Exercise goal: Your task is to repeat exactly the lines below between the line holding "- Магніт 70х120" and the line holding "بایونا من یک", inclusive, and only those.

Data supplied:
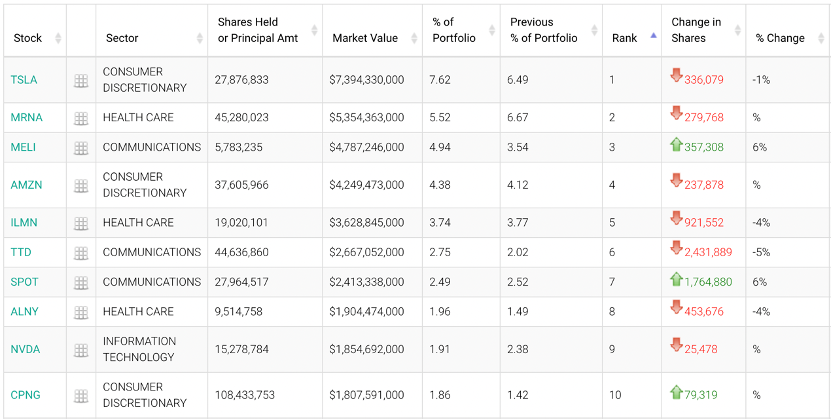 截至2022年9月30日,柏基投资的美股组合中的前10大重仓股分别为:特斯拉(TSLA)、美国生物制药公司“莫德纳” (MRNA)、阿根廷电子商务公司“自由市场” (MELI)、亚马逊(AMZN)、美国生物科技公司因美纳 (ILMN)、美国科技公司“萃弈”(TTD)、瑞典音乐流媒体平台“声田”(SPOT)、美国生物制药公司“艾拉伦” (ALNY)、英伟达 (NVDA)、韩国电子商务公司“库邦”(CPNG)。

==

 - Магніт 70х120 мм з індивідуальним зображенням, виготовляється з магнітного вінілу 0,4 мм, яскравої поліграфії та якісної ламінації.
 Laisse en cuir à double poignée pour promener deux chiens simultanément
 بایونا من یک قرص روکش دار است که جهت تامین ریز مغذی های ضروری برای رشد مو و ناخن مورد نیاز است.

Completed exercise:
 - Магніт 70х120 мм з індивідуальним зображенням, виготовляється з магнітного вінілу 0,4 мм, яскравої поліграфії та якісної ламінації.
 Laisse en cuir à double poignée pour promener deux chiens simultanément
 بایونا من یک قرص روکش دار است که جهت تامین ریز مغذی های ضروری برای رشد مو و ناخن مورد نیاز است.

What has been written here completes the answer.